Thanks for all the help! I ended up ordering the service manual from Honda's Amazon page. I'll also poke around to see what info I can gather. The blower is up at the family cabin in the U.P. of Michigan right now and I'm in Chicago. I'll be back up in a couple weeks with parts in hand (hopefully) and will complete the fix. 

Also, as a side note this blower is an absolute monster! I was going through snow that was even with the top of the bucket and sometimes over that hasn't been touched all season. The Honda chugged along at a slow creep without any issue and took the surface down to bare ground.
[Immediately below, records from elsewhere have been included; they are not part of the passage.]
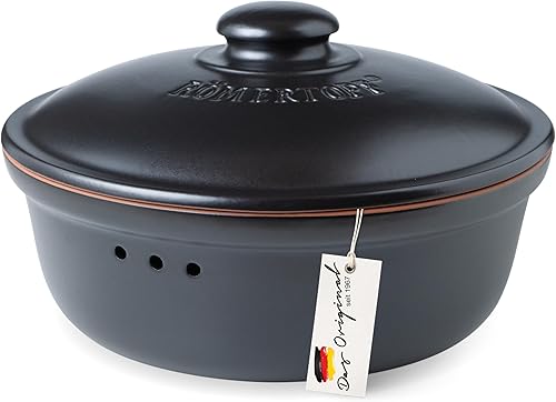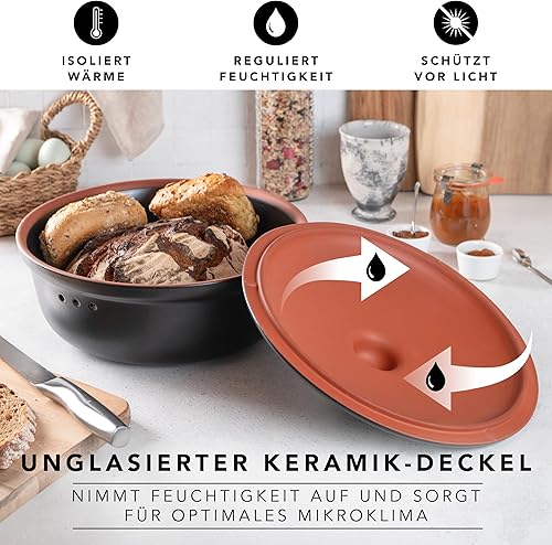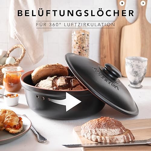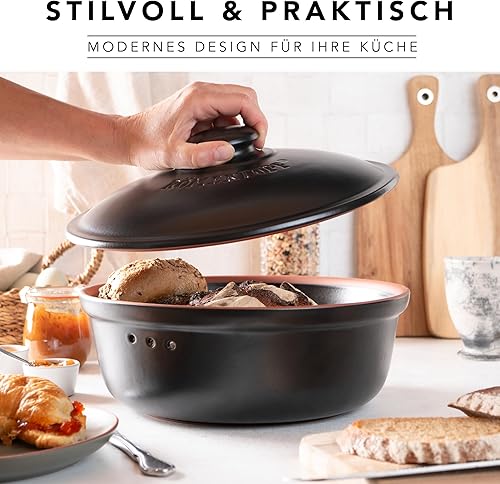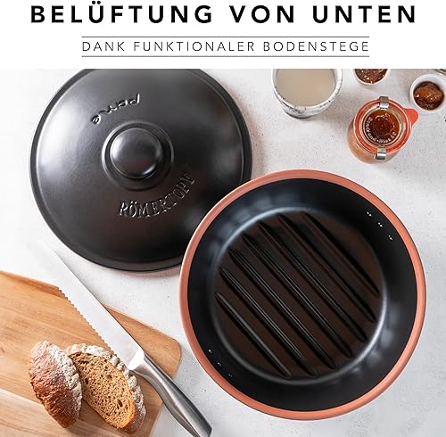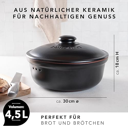 Romertopf Pot à pain rond Ø 30 cm – Boîte à pain noire en céramique – Pot en argile respirant pour une fraîcheur durable du pain et des petits pains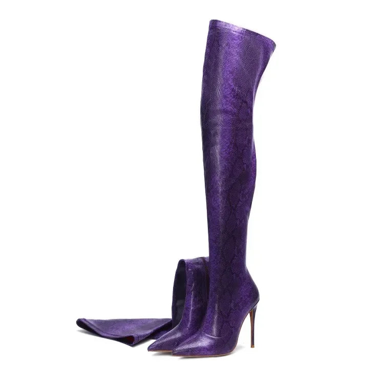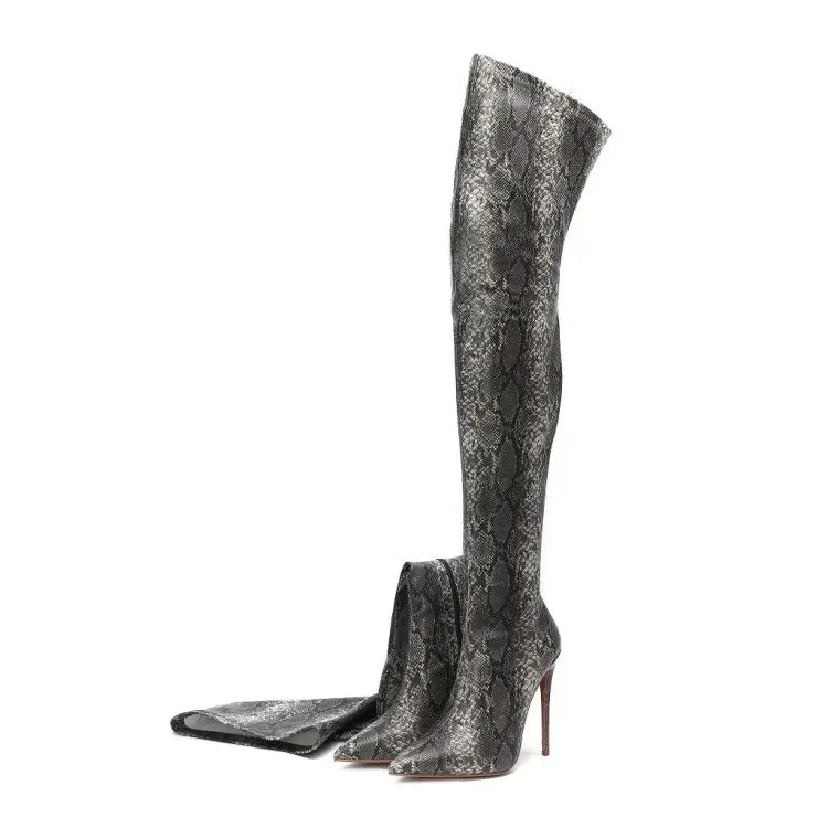 - Glamorous and a bit risque' you will get noticed walking into a room with these gorgeous over-the-knee high boots. Super soft and comfortable they are made of quality PU leather and Soft Stretch fabric and feature pointed toe, super high stiletto heel, pull on closure with side ankle zip, snake print, leopard print, boho and floral print design, and non-slip rubber soles.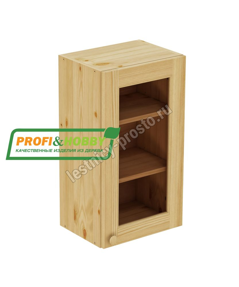 Шкаф навесной 450 х 300 х 720 под стекло, сосна, бесцветный акриловый лак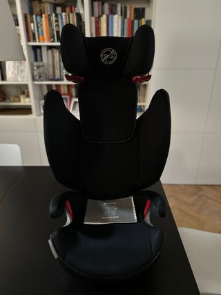 Silla de coche Cybex Solution S-Fix en color negro, con sistema Isofix. Grupo 2-3. De 15 a 36 Kg - Diseño ergonómico y acolchado. - Cómoda y funcional (respaldo y reposacabeza regulables). - Segura. Se ancla con el sistema Isofix. - se vende limpia y lista para usar - completa de instrucciones.
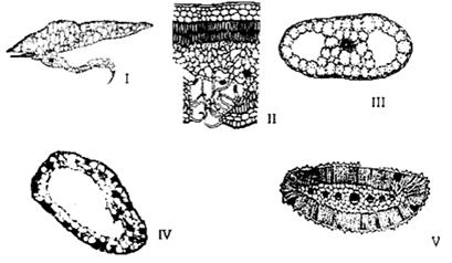 下列叶片的横切面中,哪些适合生活在有水的环境?()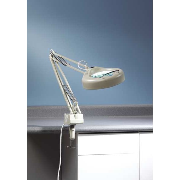 Round Magnifier Light, Arm Reach 45 in, Color White, Diopter 5, Lighting Technology Fluorescent, Magnification 2.25x, Maximum Brightness 560 lm, Mount Type Clamp, Dimmable No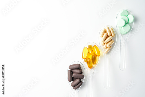 Obraz premium Various vitamin and mineral pills in transparent spoon food supplement health product

Awesome!!


----------



## [email protected] (Nov 21, 2011)

RIT333 said:


> So, some models of the HS1332 came with steering capability ? I thought that was only on the HSS models.


You are correct; only the newer (> 2015) *HSS *models have steering control levers, which individually release drive power to left or right side (track/wheel).


----------



## jrom (Jan 10, 2014)

[email protected] said:


> You are correct; only the newer (> 2015) *HSS *models have steering control levers, which individually release drive power to left or right side (track/wheel).


Steering Control and Auger Height Control, two of the best features added to a great snow blower for us Yanks, thanks!


----------



## [email protected] (Nov 21, 2011)

jrom said:


> Steering Control and Auger Height Control, two of the best features added to a great snow blower for us Yanks, thanks!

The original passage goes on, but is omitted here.